En la conferencia con los presidentes autonómicos, el único que se negó a firmar el documento fue el president Torra, de la Generalitat de Catalunya, lo que le valió las inmediatas críticas feroces de parte del ejecutivo español, las fuerzas políticas de ámbito español y la mayor parte de los medios de comunicación, acompañadas de insultos velados y amenazas bastante explícitas, como si discrepar fuera un pecado y disentir de las medidas del gobierno un delito de lesa humanidad. Y ¿por qué?, dado que el president Torra no pide medidas más laxas sino más estrictas, pide el confinamiento total de Catalunya, como se hizo en Italia con la Lombardía y el Véneto y en China con la provincia de Hubei, medidas que se han demostrado eficaces en la contención de la epidemia, es llamativo que se le critique con saña.
La posición catalana contrasta con la decisión de no confinar Madrid, que es el gran epicentro de la epidemia en España. Algún ministro, como la de Defensa, Margarita Robles, intentando explicar el hecho, solo ha acertado a decir que cada uno tiene sus propios asesores científicos, menospreciando, por tanto, a los expertos italianos y catalanes (y chinos).

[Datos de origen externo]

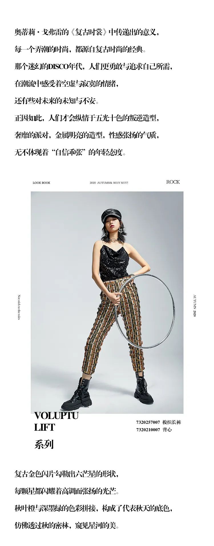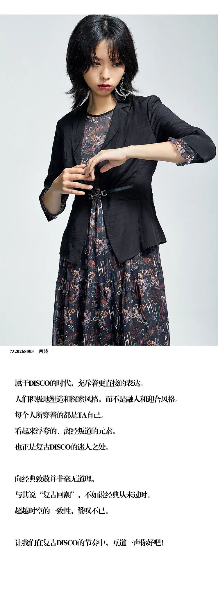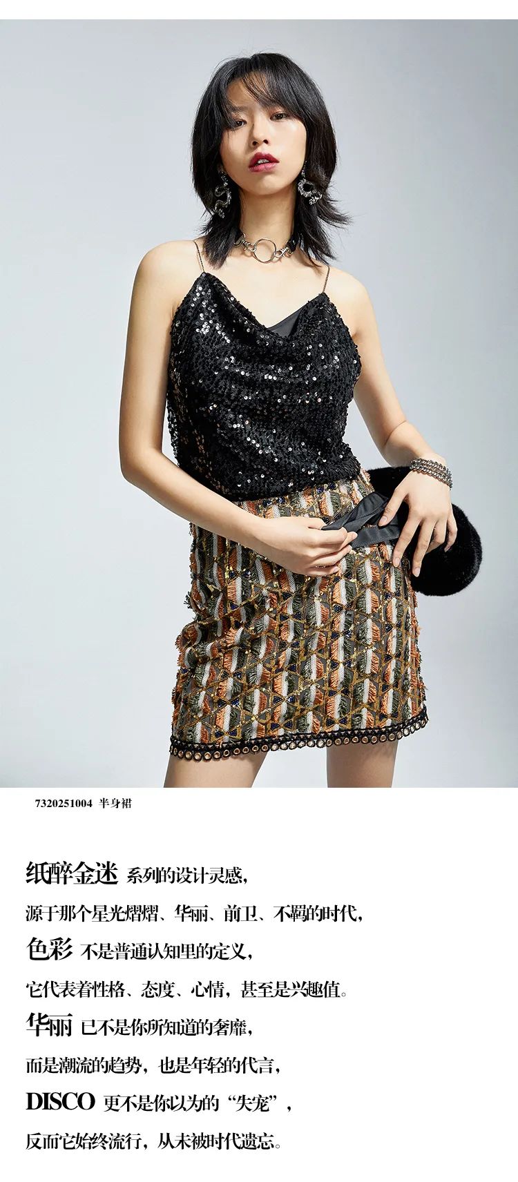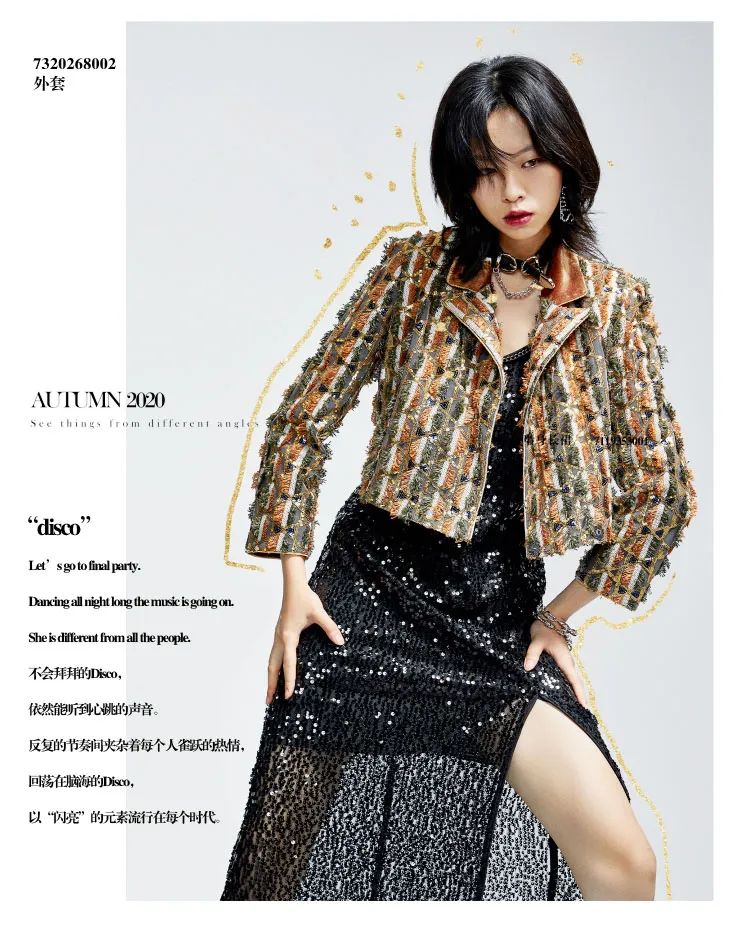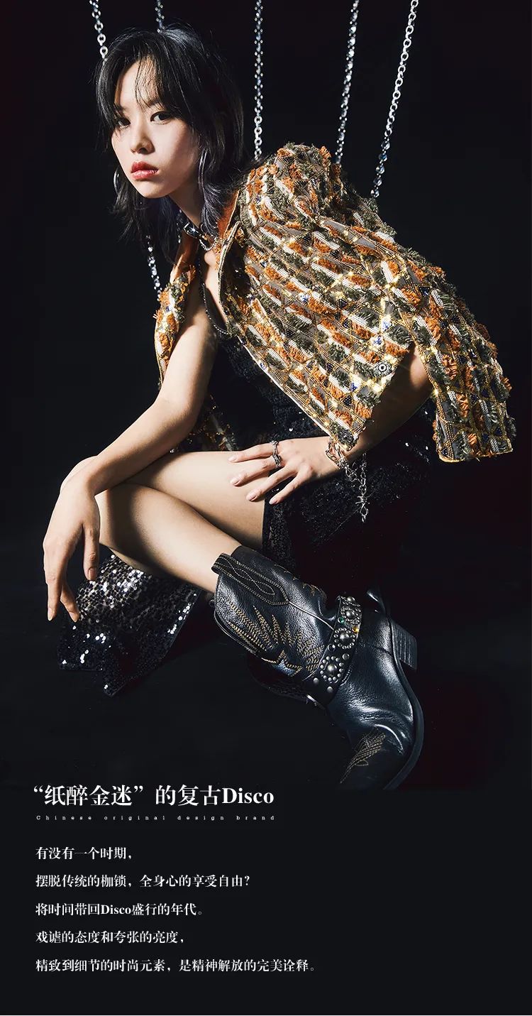 品牌自主研发的新式流苏面料,流苏弧度由手工剪裁。领口、袖口处融入色丁缎包边设计,蚕丝般触感更挺阔。手工点缀铆钉元素,更显复古风和层次感。搭配腰封或马丁靴,诠释摩登时髦感与现代Urban style的融合。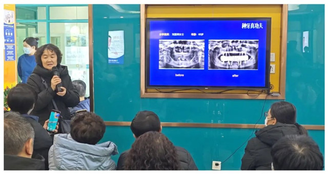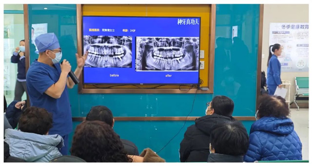 专业热情的王旭东主任,在简单介绍了周女士种牙的诊疗思路和手术操作要点后,还为缺牙市民们提供了“专家亲诊”服务,现场一对一答疑并给出针对性的治疗意见。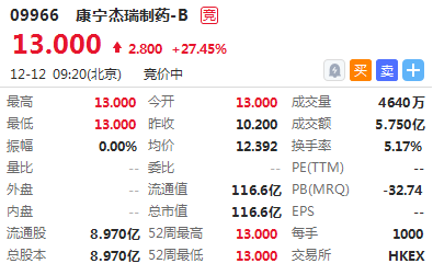 华盛资讯12月12日周四消息,生物制药公司康宁杰瑞制药-B今日于港交所正式挂牌,首日高开27.45%,报价13港元 ,截止9:26,成交额5.75亿港元 ,最新市值116.6亿港元。此前该股在暗盘交易中收涨25.10%,一手可赚2560港元。

Y, sin embargo, es un hecho que no cerrar la capital de España ha provocado una diseminación de la epidemia a otras zonas de España, como Murcia y la Comunidad Valenciana, donde se ha registrado un notable aumento de casos desde la llegada de residentes suyos a las zonas costeras turísticas y de segunda residencia.
No sabemos por qué no quieren confinar Madrid; quizás sea para que no se acabe viendo que el resto de España podemos funcionar perfectamente sin su omnipresencia. Tampoco sabemos por qué no quieren confinar Catalunya; quizás sea porque si se hiciera y funcionara bien podría dejar en evidencia el no haberlo hecho en Madrid.
En cualquier caso, resultan llamativas las contradicciones en las que incurre constantemente el gobierno español. Hablan de que lo importante son los ciudadanos, y no la estructura territorial española, y que no pueden establecerse fronteras, para justificar no confinar Madrid ni Catalunya, pero sí han cerrado las fronteras terrestres; es decir, no hay que cerrar territorios dentro de España, pero sí cerramos el territorio español al resto de la UE. Y cierran las fronteras terrestres, pero no las aéreas ni marítimas, lo que parece absurdo. Y reducen el número de unidades de metro circulantes, pero recomiendan a los que tengan que acudir al trabajo que lo hagan en el transporte público. Resultado, en Madrid y Barcelona el lunes, a primera hora, los vagones del metro iban llenos como latas de sardinas, con lo que lo de la distancia interpersonal de seguridad de un metro y medio resulta un sarcasmo.
Además, hasta ahora, todas las actuaciones del gobierno español en este tema han sido tardías e insuficientes. Ni supieron calcular la magnitud del problema cuando empezó su expansión en Asia, ni supieron adoptar medidas para contener su llegada, ni supieron darse cuenta de que ya había llegado cuando ya estaba aquí, ni han sabido ser contundentes para aminorar su diseminación, especialmente en Madrid, ni están siendo capaces de garantizar suministros suficientes de material de protección para el personal sanitario, ni de diagnóstico de la infección.
Y ahora decretan el estado de alerta que les faculta a requisar los equipamientos de la sanidad privada y también instalaciones hoteleras o residenciales para destinarlos a hospitales improvisados, en previsión de la auténtica explosión del número de casos que saben que es casi inevitable que se produzca en las próximas semanas.
Pero tener un chivo expiatorio, un muñeco de pim pam pum al que dirigir todos los golpes, siempre va bien, sobre todo para desviar la atención y no tener que dar explicaciones de las deficiencias de las propias decisiones.